> _EXERCISE OBJECTIVE_: Below is a listing with pictures. Repeat exactly the lines starting at the one holding "현재 15주 당첨횟수로 정렬한 분석표를 공개합니다." and going on through the one holding "Choć tekst nie", and leave every picture out.

> _DATA SHOWN_:
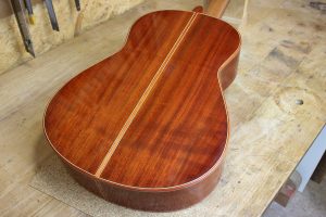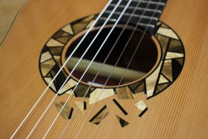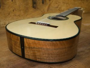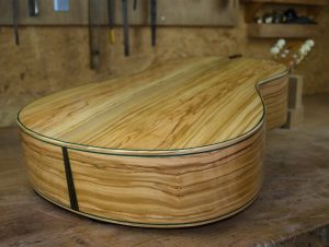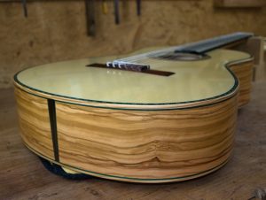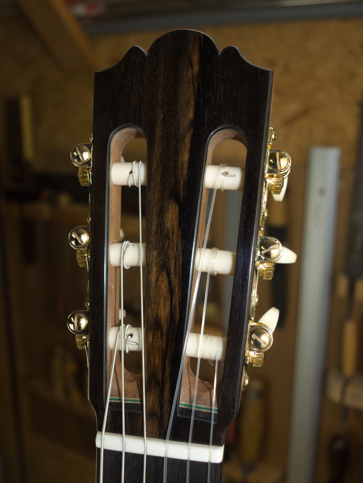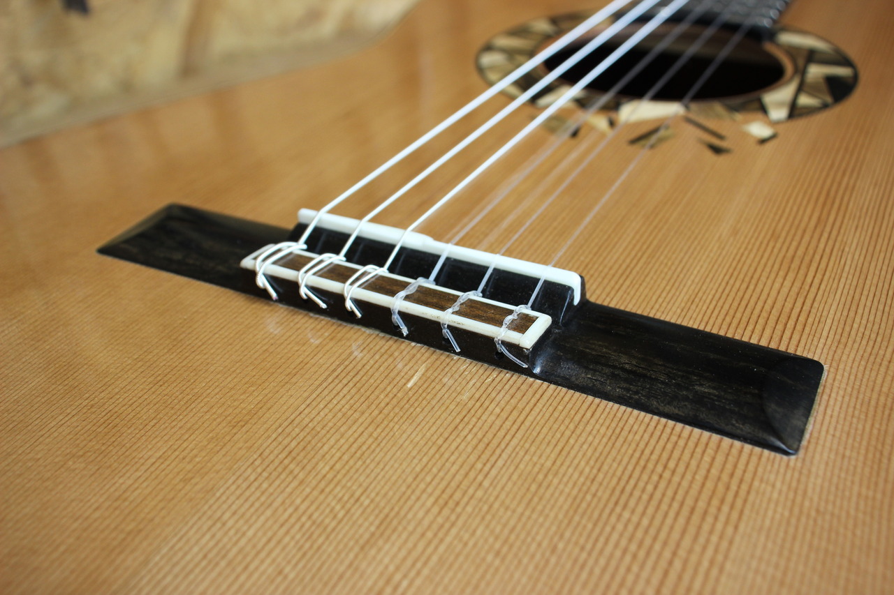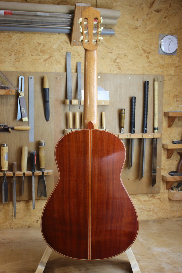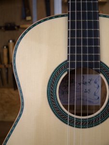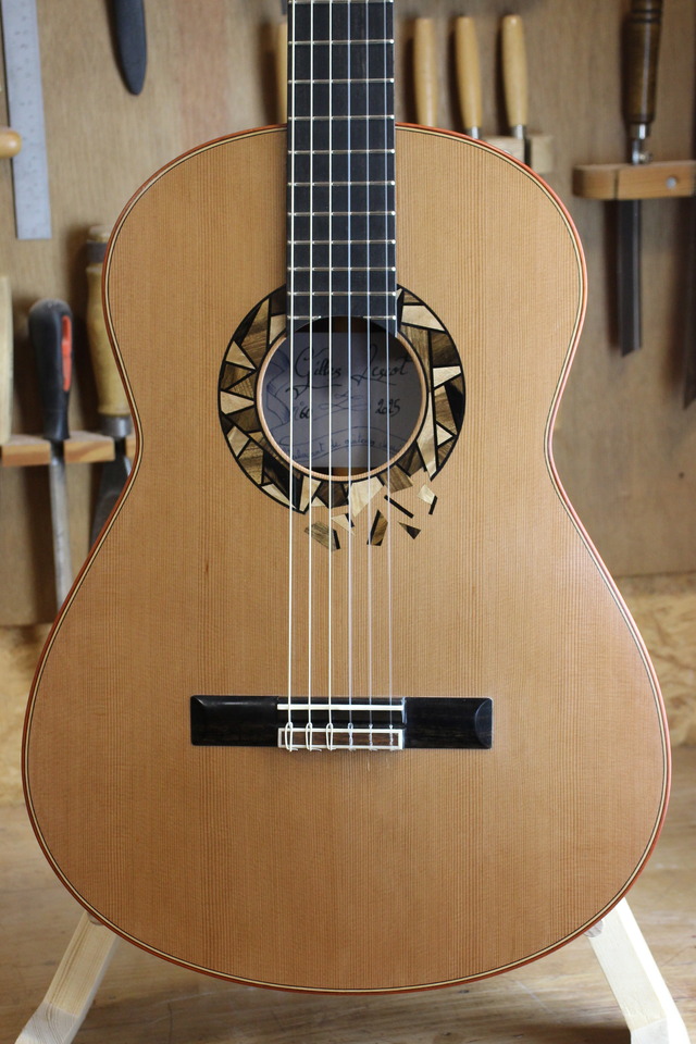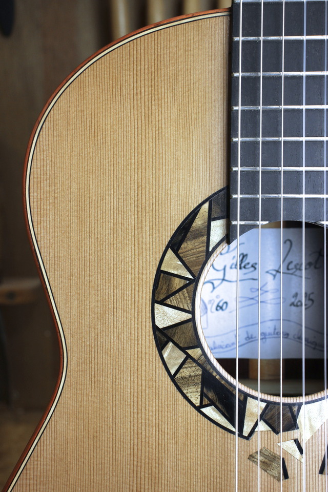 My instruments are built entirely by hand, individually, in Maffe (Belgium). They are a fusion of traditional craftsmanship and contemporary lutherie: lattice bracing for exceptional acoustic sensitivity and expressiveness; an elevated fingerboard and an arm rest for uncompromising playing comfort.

...

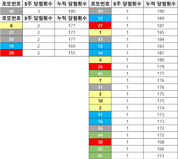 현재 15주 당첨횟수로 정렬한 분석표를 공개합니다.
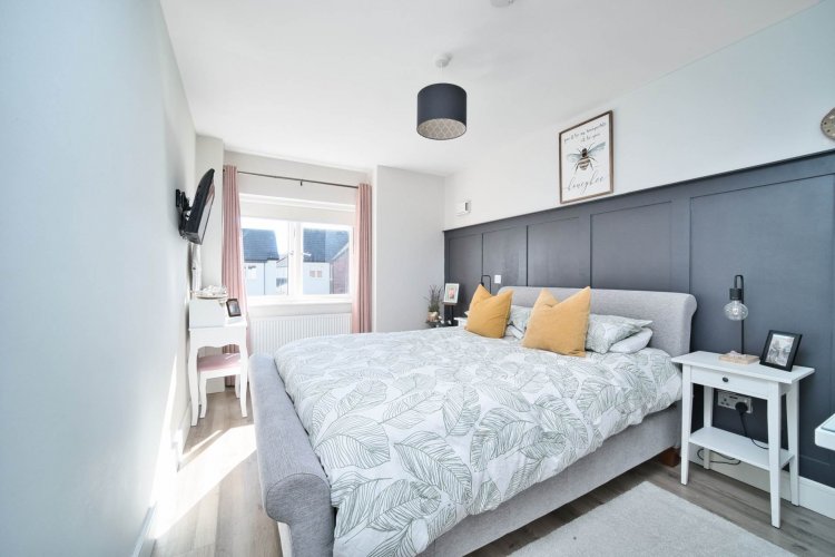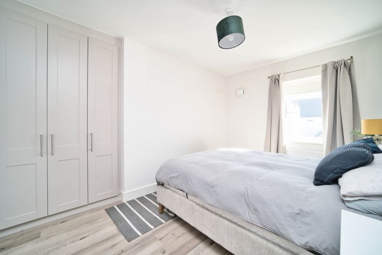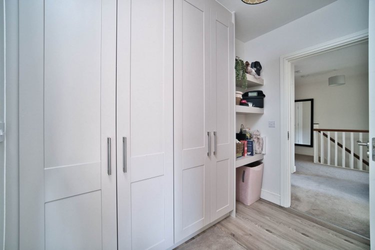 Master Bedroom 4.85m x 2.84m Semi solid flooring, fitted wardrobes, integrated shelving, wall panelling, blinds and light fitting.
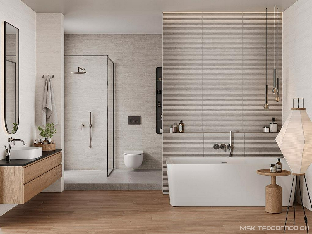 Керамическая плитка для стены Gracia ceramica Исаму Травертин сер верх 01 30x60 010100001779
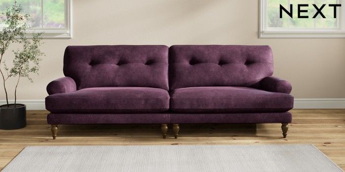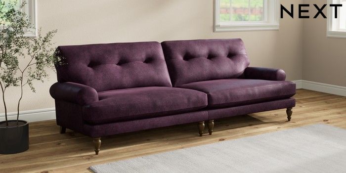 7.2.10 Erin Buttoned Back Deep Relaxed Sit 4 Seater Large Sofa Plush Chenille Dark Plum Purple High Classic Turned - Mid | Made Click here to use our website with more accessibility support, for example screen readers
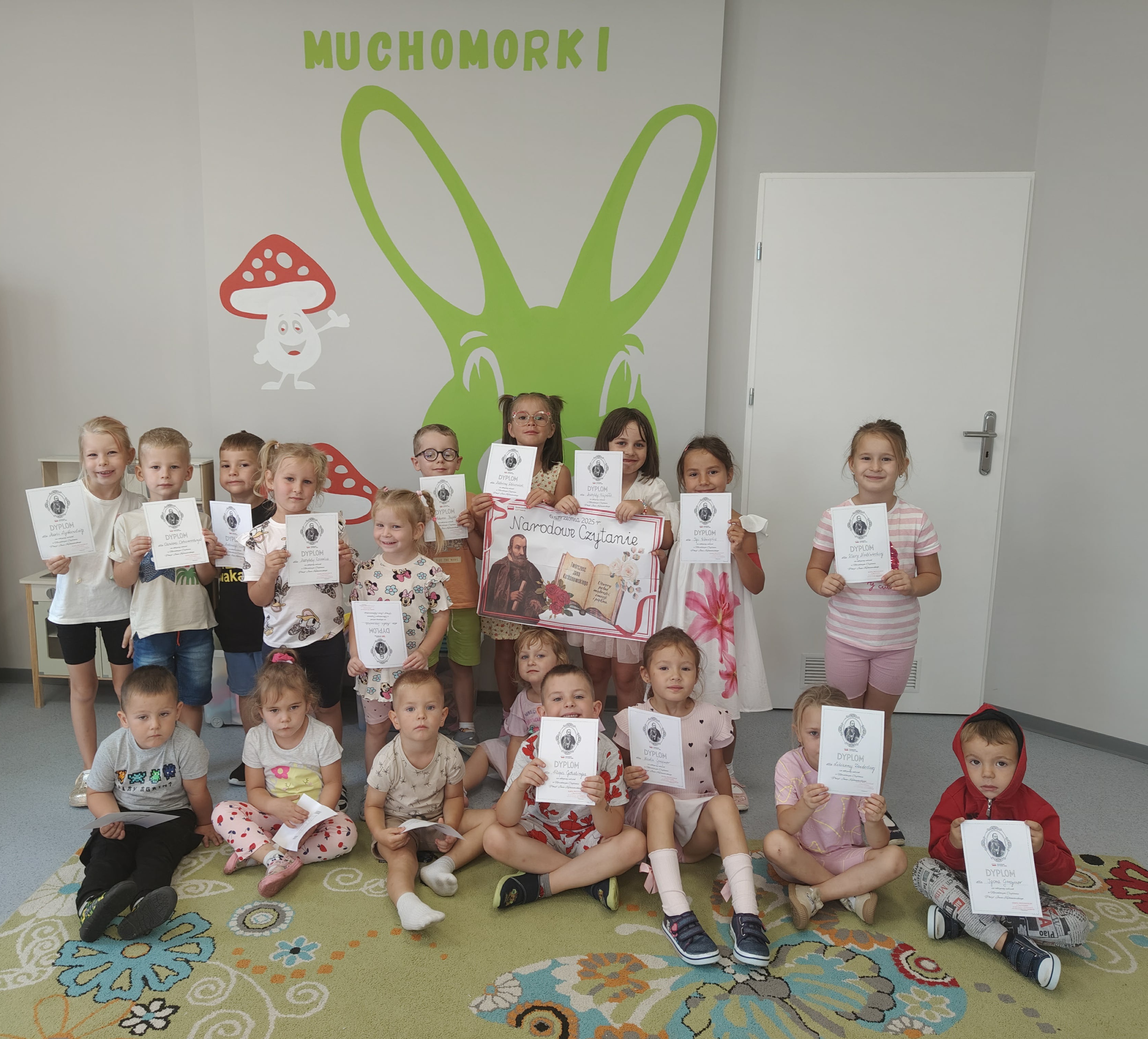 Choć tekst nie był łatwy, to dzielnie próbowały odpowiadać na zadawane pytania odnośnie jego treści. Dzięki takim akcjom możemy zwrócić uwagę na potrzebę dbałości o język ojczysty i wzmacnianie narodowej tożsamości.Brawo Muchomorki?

> _ANSWER TO THIS PROBLEM_:
 현재 15주 당첨횟수로 정렬한 분석표를 공개합니다.
 Master Bedroom 4.85m x 2.84m Semi solid flooring, fitted wardrobes, integrated shelving, wall panelling, blinds and light fitting.
 Керамическая плитка для стены Gracia ceramica Исаму Травертин сер верх 01 30x60 010100001779
 7.2.10 Erin Buttoned Back Deep Relaxed Sit 4 Seater Large Sofa Plush Chenille Dark Plum Purple High Classic Turned - Mid | Made Click here to use our website with more accessibility support, for example screen readers
 Choć tekst nie był łatwy, to dzielnie próbowały odpowiadać na zadawane pytania odnośnie jego treści. Dzięki takim akcjom możemy zwrócić uwagę na potrzebę dbałości o język ojczysty i wzmacnianie narodowej tożsamości.Brawo Muchomorki?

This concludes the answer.